The best hypothesis the authors have is that humans evolved to think about comparatively simple issues, like following a scent in the ocean (and then, eventually, on land) and this form of labor favored a cognitive system that would take in an enormous quantity of sensory information and compile it in a massively parallel approach (e.g, how we convert all the knowledge from our senses into representations we will then focus attention on) then make a small variety of choices at a much slower price. The reproducible code for the next evaluation results might be found in the Evaluation directory. That is exemplified of their DeepSeek-V2 and DeepSeek-Coder-V2 fashions, with the latter widely thought to be one of many strongest open-source code fashions available. Fill-In-The-Middle (FIM): One of many special options of this model is its capability to fill in missing parts of code. In a latest publish on the social community X by Maziyar Panahi, Principal AI/ML/Data Engineer at CNRS, the mannequin was praised as "the world’s greatest open-source LLM" in line with the DeepSeek team’s printed benchmarks. Why this issues - the place e/acc and true accelerationism differ: e/accs assume humans have a brilliant future and ديب سيك are principal agents in it - and anything that stands in the way of people using know-how is dangerous.

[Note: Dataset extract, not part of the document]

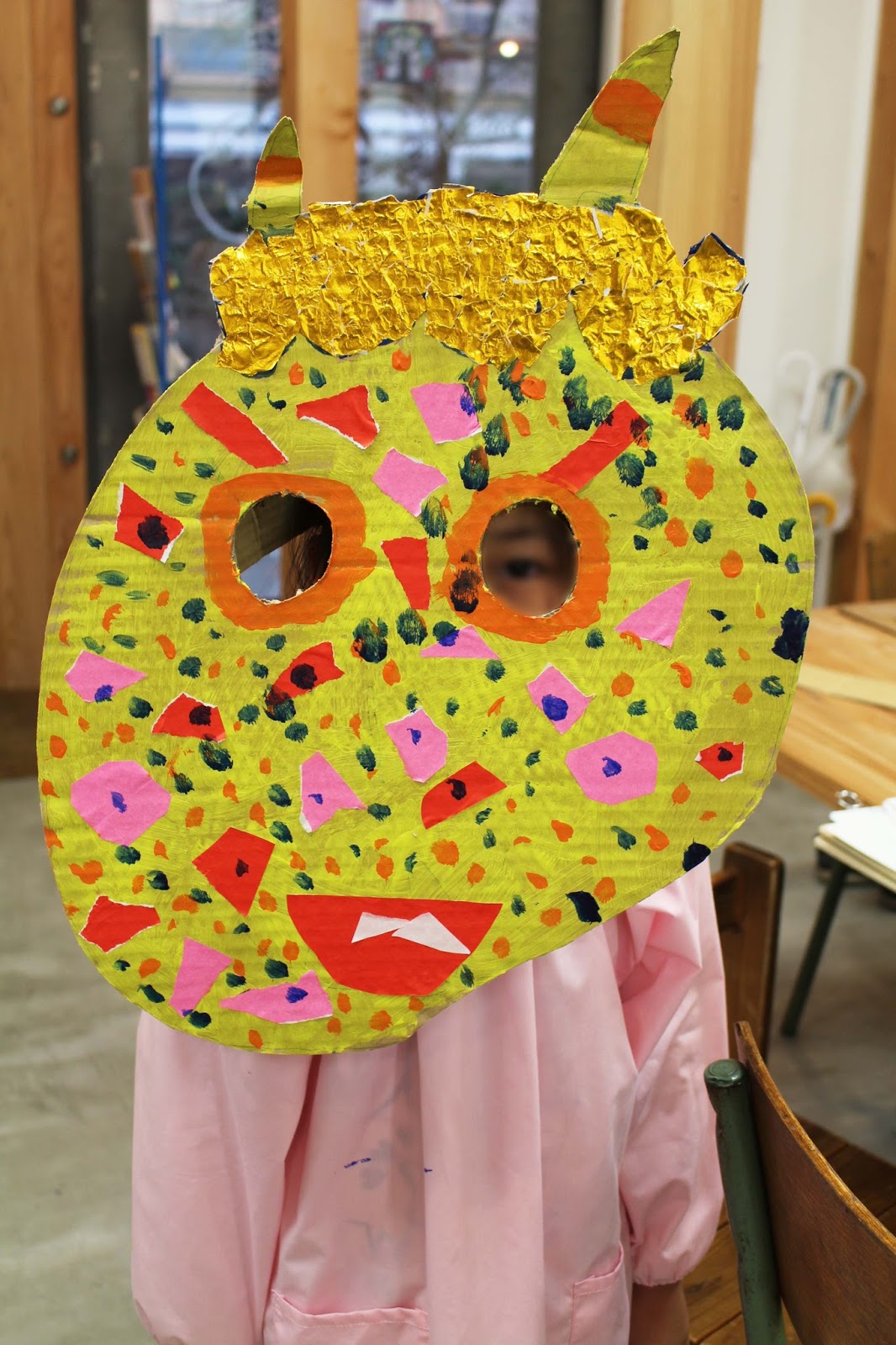 引き続き、こどもC 小学生・幼児混合クラスの制作です。小学生は、「お面制作・最終日」です。こちらは、黄色い鬼さん。お顔が賑やかな色で彩られて、ユニークですね。上手に出来ました!

To get a visceral sense of this, check out this publish by AI researcher Andrew Critch which argues (convincingly, imo) that a number of the danger of Ai methods comes from the fact they may think quite a bit quicker than us. Then these AI techniques are going to have the ability to arbitrarily entry these representations and produce them to life. In comparison, our sensory methods collect knowledge at an infinite rate, no less than 1 gigabits/s," they write. She is a highly enthusiastic individual with a keen interest in Machine learning, Data science and AI and an avid reader of the latest developments in these fields. In code editing talent DeepSeek-Coder-V2 0724 will get 72,9% rating which is identical as the latest GPT-4o and better than every other fashions aside from the Claude-3.5-Sonnet with 77,4% rating. The DeepSeek Chat V3 mannequin has a high rating on aider’s code enhancing benchmark. Yes it's better than Claude 3.5(presently nerfed) and ChatGpt 4o at writing code. In fact, the ten bits/s are wanted solely in worst-case situations, and most of the time our atmosphere modifications at a much more leisurely pace". Reported discrimination in opposition to certain American dialects; numerous teams have reported that unfavourable adjustments in AIS appear to be correlated to the use of vernacular and this is particularly pronounced in Black and Latino communities, with quite a few documented circumstances of benign question patterns leading to lowered AIS and due to this fact corresponding reductions in entry to powerful AI services.